Это хорошо понимал и Массальский. Вот почему командир сам стал при знамени, и так они шли в атаку – впереди командир со знаменем, а подле, рассыпавшись неровной цепочкой – автоматчики. Они карабкались по обледеневшему склону, исхлестанному вражеским огнем. Наш друг Володя Массальский не дошел до конца: был тяжело ранен. Знамя качнулось на склоне, но тут же снова замаячило впереди. Древко подхватил в свои руки Алексей Бровкин. Он и водрузил его на вершине.
Дудин рассказывал о Бровкине, но – как я знаю по многолетним наблюдениям – рассказывал не столько для меня, сколько настраиваясь на волну: новое стихотворение уже просилось на бумагу.

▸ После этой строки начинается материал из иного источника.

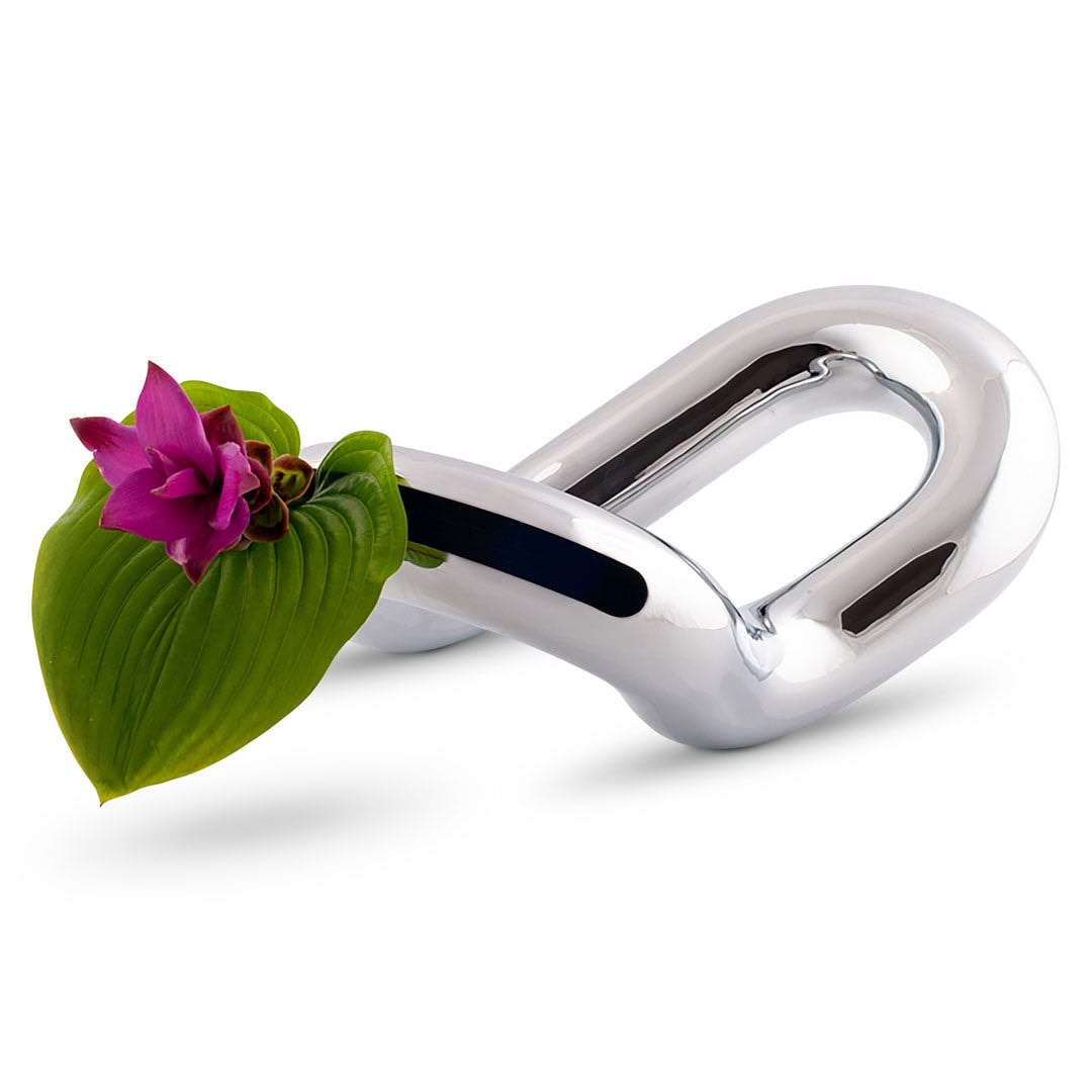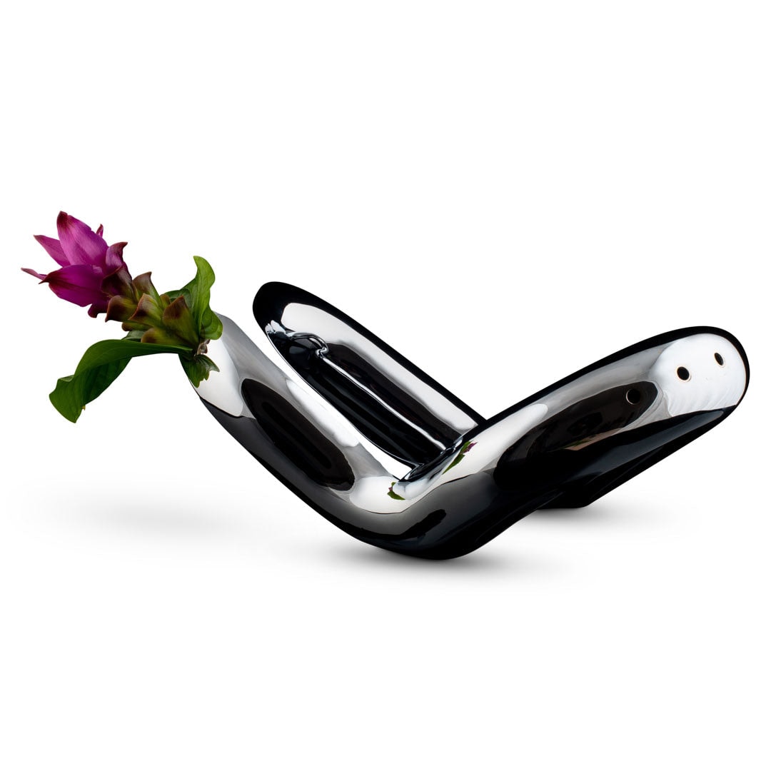 Cuore is a kinetic vase made out of an endless loop of chromed steel, polished to perfection. You can put a single flower or a whole bouquet to either of its ends. Slightly tap it to see it swaying from side to side reflecting the whole world in motion.

Вот и тогда, на палубе, он прочитал нам с Алешей Соколовым какие-то стихи, еще, может быть, незаконченные, но с четко выкристаллизованным монологом-обращением к тем, кто идет в жизнь вслед за нашим поколением.
Когда была написана поэма “Песня Вороньей горе” и Дудин читал ее мне, я слышал уже знакомые строки:
Пора моей песни
И дружбы пора,
Любви и тоски изначальной,
Гора моей жизни,
Воронья гора,
Гора моей юности дальней.
…Взойдем сюда вместе, мой друг дорогой,
Тебе собираться в дорогу,
Встречаться с бедой
На дороге крутой,
Товарищей ждать на подмогу.
Дивись не величью застывших красот
Природы, вздыхающей глухо.
К тебе переходит одна из высот,
Вершин человечьего духа.
Вглядись в этот мир удивленный окрест,
Склонись в благодарном поклоне.
Потом поднимайся
На свой Эверест,
Чтоб Солнце увидеть в короне.
В тот год Дудину работалось радостно. Он был переполнен стихами. Он прожил довольно долго на Вологодчине и написал книгу стихов “Вологодское лето”. Это была хорошая книга. Со страниц ее вставали негромкие северные рассветы, пахло травами и сосной, грибницей и озерной водой. Поэт открыл для себя краски севера, и наша нынешняя поездка по северным рекам, видимо, нужна была ему, чтобы в чем-то утвердиться, что-то проверить.
Север, север!
На рассвете
Ветерком туман клубим.
Я сегодня путь примерил
К роднику твоих глубин.
В пашей поэзии за Дудиным навечно закреплено место в строю поэтов, шагнувших в большую литературу из солдатского окопа.
Н. С. Тихонов (один из “крестных” отцов Дудина) в предисловии к двухтомнику избранных его стихотворений пишет, что Дудин “принадлежит как раз к тому поколению молодых поэтов, которые изведали, что значит не отвлеченно представлять в стихах свои мысли, а всем глубоким трепетом сердца чувствовать страдания окровавленной родной земли, муки советских людей, всю ненависть к фашистским палачам”.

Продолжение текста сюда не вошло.